The video is in 1.78:1 widescreen presentation in 1080i resolution. I was pleasantly surprised at the video quality of this documentary. There is a lot of archival and tour footage mixed in with the usual assortment of interviews and current day stuff. Truth be told, I never felt like I was watching an old assortment of home videos but rather well preserved television footage. Good color and solid production values throughout this set.
For the audio portion, we get a 5.1 English DTS-HD track (5.1 Dolby Digital and PCM 2.0 tracks also included). Sound is of good volume but since this is mostly dialogue driven it keeps in the three main speakers. Occasionally it ventures out into the surrounds for some of the concert footage but it does not envelope the viewer like you hoped it would. If nothing else, I can actually understand Ozzy for I would say 95% of this picture, that’s an accomplishment for sure. Subtitles are included for English, Spanish, French, Italian, Portuguese Netherlands, and Dutch.
- Q&A with Ozzy and Jack 19:46: A pretty good interview with Ozzy and Jack Osbourne that talk about some candid moments that either weren’t discussed or touched lightly on in the documentary. Things such as the paintings that Ozzy works on for therapeutic reasons. Most oddball question? “Jack, Why is Your Dad Alive?” Sadly, nobody is quite sure the exact answer to that question.

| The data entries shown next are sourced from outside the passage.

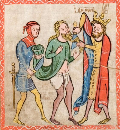 The most common headwear is the hood due to its use in covering the neck as well; usually dagged with patterns cut into the hem.
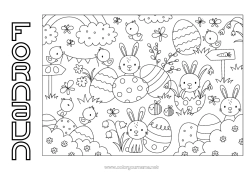 Fargelegging av en søt liten kanin med en kvist av liljekonvall.
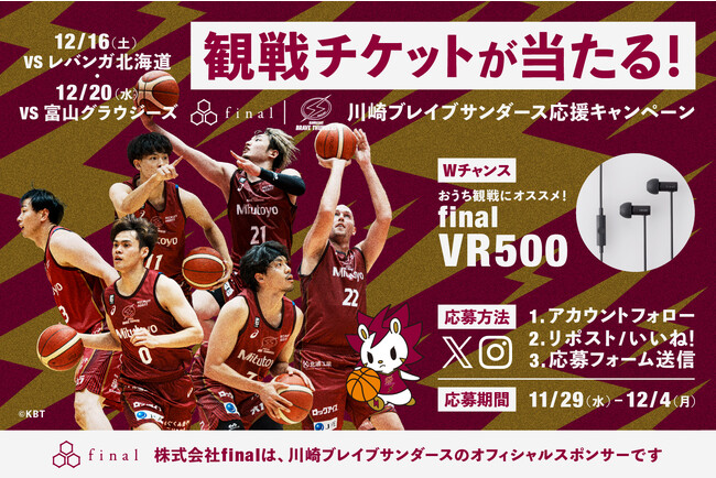 川崎ブレイブサンダースを応援しよう! 観戦チケットやfinalの新製品イヤホン「VR500 for Gaming」が当たる「final・川崎ブレイブサンダース応援キャンペーン」開催!

- Deleted Scenes 14:25: Eight are included here. Most of these were cut because they simply did not go anywhere. Decent stuff, but a lot of them were Ozzy going off on a tangent which equals a lot of mumbling. The alternate ending was not as touching as the one we ended up with.
- Tribeca Film Festival 4:06: Footage from the film festival that has been around for almost a decade now. A very basic quick featurette.
Some people would probably refer to Ozzy as the madman disciple of the Devil himself. The truth is as the curtain falls, the man prays and thanks the heavens above for still being alive to enjoy his children, his wife Sharon and the millions of fans who listen to his music. The truth is despite his torn down condition, he is more lucid and more alert and in tune with fans than he was in the 70’s, 80’s and 90’s. He is a special face of rock and roll and truly a legend.
The disc for Bless Ozzy I feel selfish in the respect that I just wanted more of it. More footage, more extras, better video and audio. It is very good, but not quite eclipsing the high bar I think I set for it. This set is highly recommended as well as his two books that were put out not too long ago. His story is special and whether you want to read about it or watch it, I think the general audience will find it very interesting for years to come. Rock on Ozzy, rock on.